Corresponding author: Tanuj Kumar Ambwani


Citation: Ruwali P, Ambwani TK, Gautam P (2018) In vitro immunomodulatory potential of Artemisia indica Willd. in chicken lymphocytes, Veterinary World, 11(1): 80-87.

Aim: Evaluation of the in vitro immunomodulatory potential of Artemisia indica Willd. methanolic extract in chicken lymphocyte culture system through lymphocyte (B and T cells) proliferation assay, after standardizing the maximum non-cytotoxic dose (MNCD) in chicken lymphocytes.

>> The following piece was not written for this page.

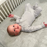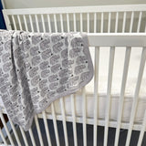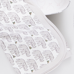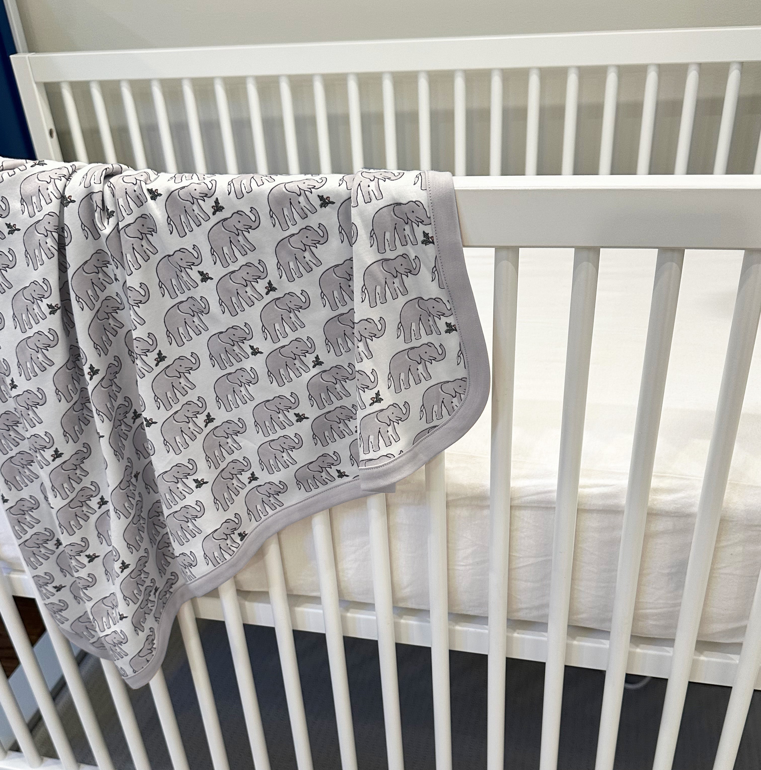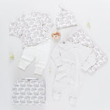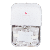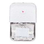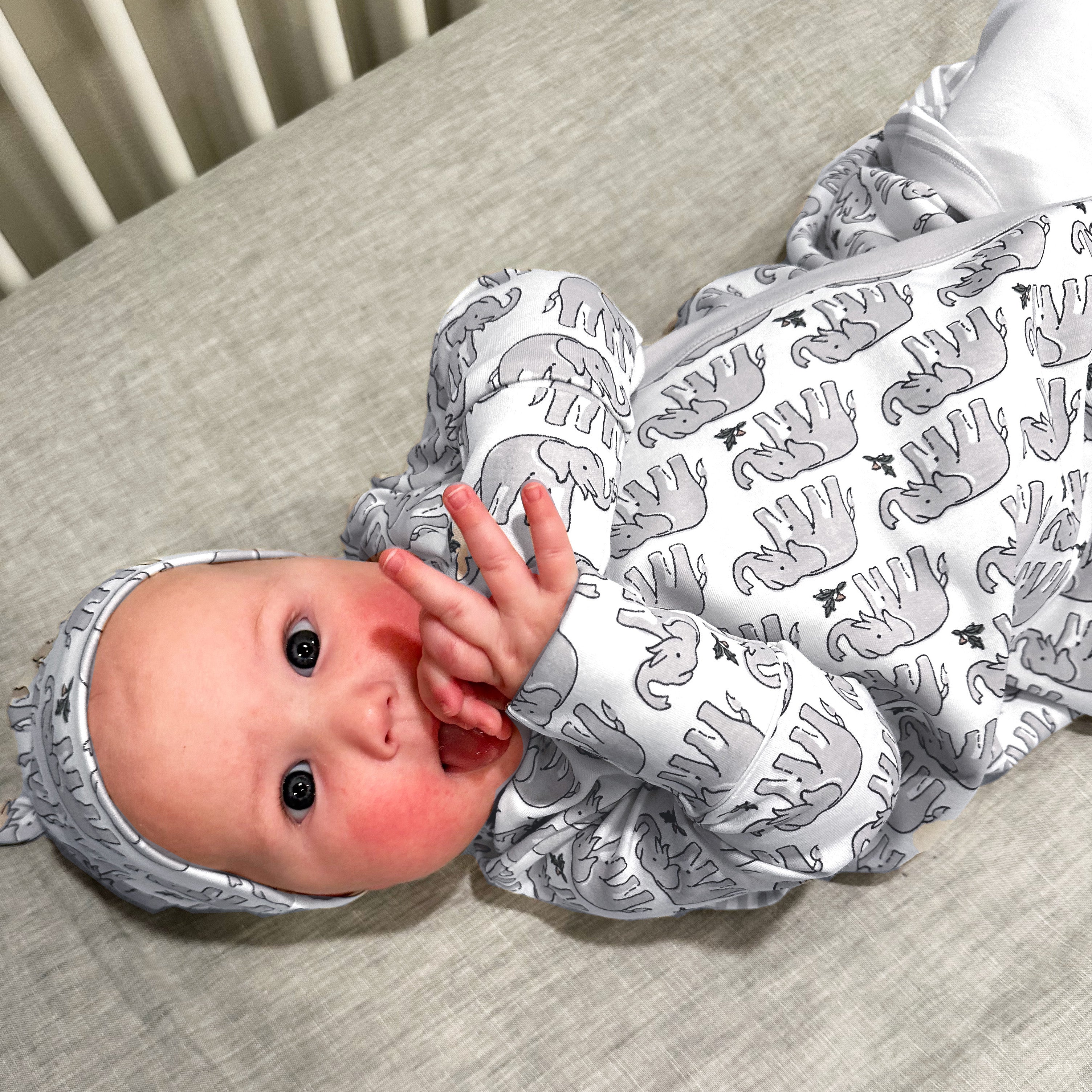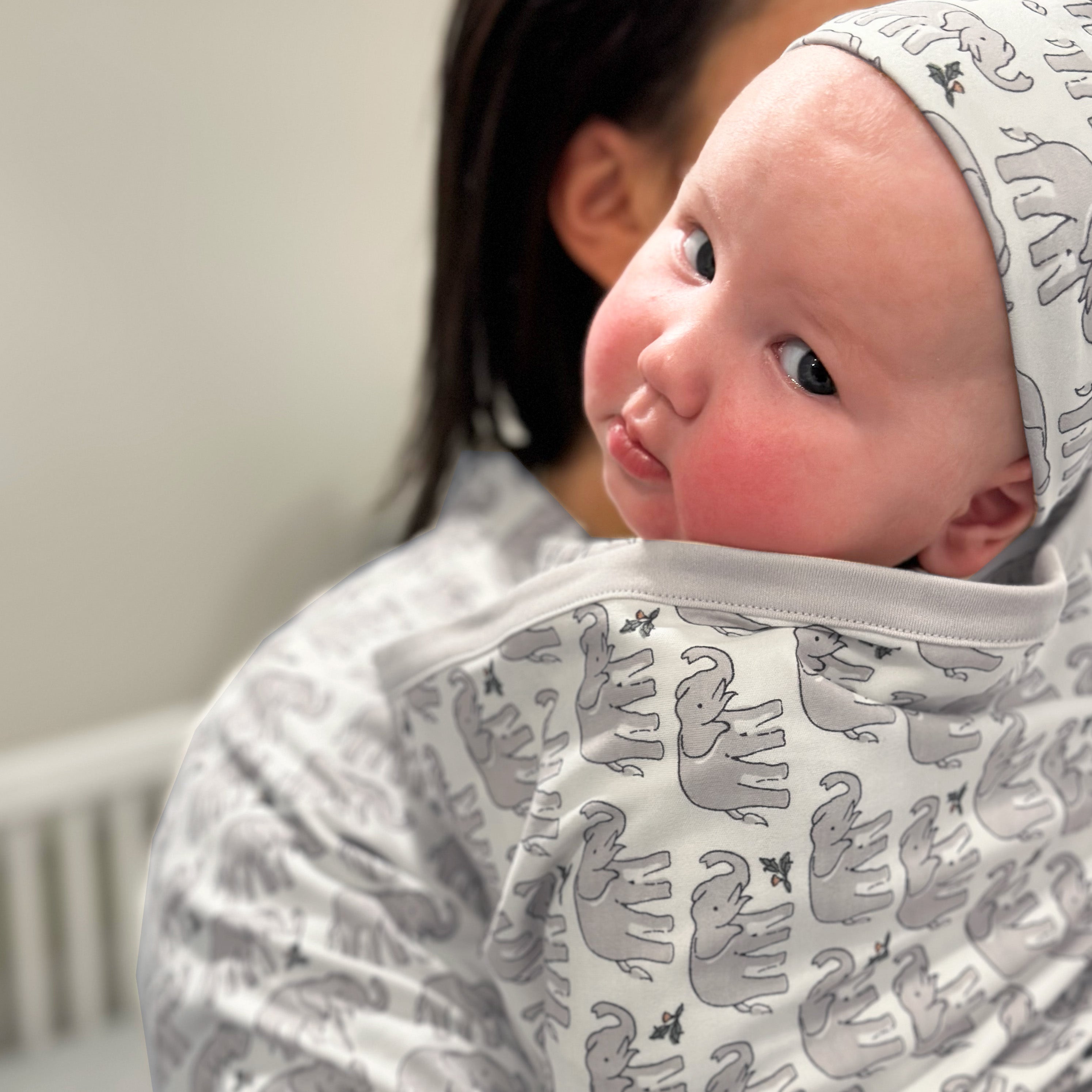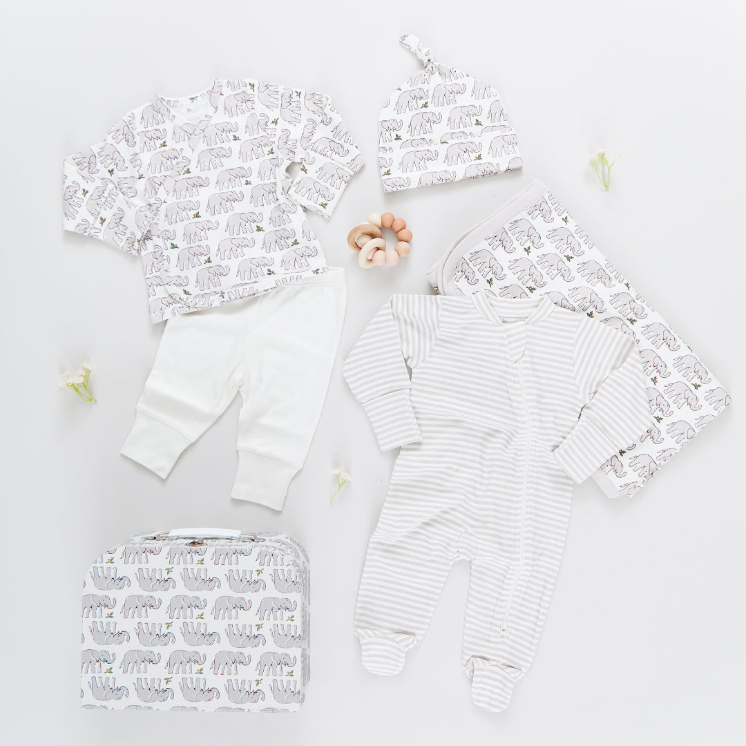 New & Noteworthy! Spoil the newest chicks in your flock by feathering their nest with our new Baby Organic Pima Cotton take home set in Gray Elephant. Inside an adorable printed mini-suitcase rests a complete collection of newborn necessities in classic Pink Chicken prints and patterns. Box includes: one printed wrap top with fold-over mittens, one elastic waist solid pant, one printed knotted hat, one long sleeve zipper footie with fold-over mittens and zipper protector and one printed take home blanket with contrasting print on reverse side. It's the perfect newborn gift set for your work bestie, favorite cousin, roommate from college or any new mom in your life. Keep mom and baby connected with our matching Womens Organic Pima Cotton Robe. GOTS certified. Inks & dyes classified as eco-friendly by OEKO-TEX standard.

Materials and Methods: Fresh aerial parts of A. indica Willd. (family: Asteraceae) specimens were collected (altitude 1560 m), gotten authenticated, processed, dried, and Soxhlet extracted to yield methanolic extract (AME). Chicken splenocytes were isolated from spleens collected from healthy birds; lymphocytes were separated by density gradient centrifugation, percentage cell viability determined and final cell count adjusted to 107 cells/ml in RPMI-1640 medium. MNCD of AME in chicken lymphocytes was determined through 3-(4,5-dimethylthiazol-2-y1)-2,5-diphenyltetrazolium bromide dye reduction assay. Immunomodulatory potential of AME was evaluated through lymphocytes proliferation or B and T cells blastogenesis assay in the presence of appropriate mitogens, namely, lipopolysaccharide (LPS) and concanavalin A (Con A), respectively.

Results: Maximum concentration of AME exhibiting 100% cell viability (MNCD) was 200 μg/ml and was selected for further in vitro analysis. The in vitro exposure of chicken lymphocytes to 200 μg/ml dose of AME, resulted in significant (p<0.05) upregulation of 11.76% in B cell proliferation in the presence of B cell mitogen (LPS) and a significant (p<0.05) increase of 12.018% T cells proliferation in the presence of the mitogen (Con A), as compared to the control.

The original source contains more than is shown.